Medical Marijuana Shows Promise Against Autoimmune Diseases
THC (tetrahydrocannabinol) can suppress rodents’ immune systems, according to a study at the University of South Carolina. If replicated in humans this could improve the prospects of using medical marijuana against autoimmune diseases such as arthritis, type1 diabetes and multiple sclerosis.
Despite the ceaseless ads promising that something will “boost your immune system” as an unquestioned goal, the strength of the immune response is a careful balancing act. Too weak and you are prey to a host of diseases. However, the immune system can also turn on the body itself, leading to a string of serious and sometimes fatal conditions. Finding ways to dial back the response in these cases, without opening up the floodgates to every infectious disease is one of the great challenges of modern medicine.
In the Journal of Biological Chemistry a team led by Dr Mitzi Nagarkatti reveal studies on 609 microRNAs in mice given THC. Of these, 13 showed substantial alteration. MicroRNAs regulate the expression of genes, and those affected in this case change the activation of genes associated with the immune system.

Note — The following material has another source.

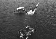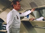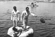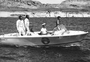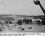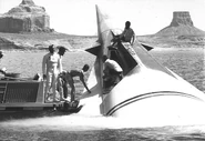 The initial plan for the movie envisaged all out-door filming taking place on the 20th Century Fox ranch property, but this proved impractical. Instead, filming was relocated to begin in Utah and later move to the ranch and the studio sound stage.[1] The scenes where the spaceship crash-lands in the lake were filmed at Lake Powell, which is formed by a dam on the Colorado River on the Utah-Arizona border.[2] The final shooting script for the movie pinpoints some of the locations that had been selected for specific scenes; the crash site was to be filmed in Lake Powell at Lone Rock; the astronauts trek was to take place on 'ochre dunes', 'black dunes', 'gray area', 'crazy canyon' and 'wire grass canyon'.[3]
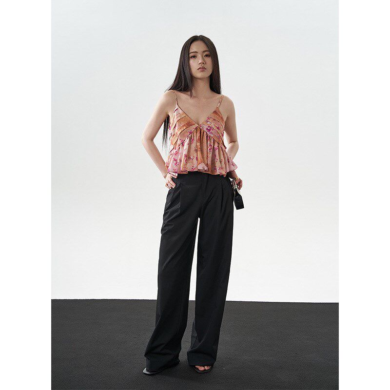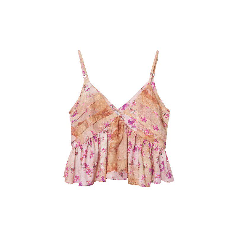 碎花吊带衫 无袖 百褶小衫 显瘦短款 上衣女 修身 春夏新款

“THC mediates its activity through cannabinoid receptors (CB1 and CB2)” the authors say. “While CB1 is highly expressed in the brain, and to a lower extent in peripheral tissues, CB2 is predominant in immune cells. Therefore, besides it psychoactive effects, THC can suppress inflammation through activation of cannabinoid receptors on immune cells, using multiple pathways.”
The team’s findings leave a lot of questions unanswered. Besides the question of applicability to humans, the timeframe of the effects is unclear – some are probably temporary, while others may be more permanent. However, the authors argue, “The current study opens new avenues to investigate the epigenetic pathways through which THC regulates immune response.” If the exact mechanisms through which THC affects immune response can be identified it may become possible to establish which autoimmune diseases are most likely to benefit from its use.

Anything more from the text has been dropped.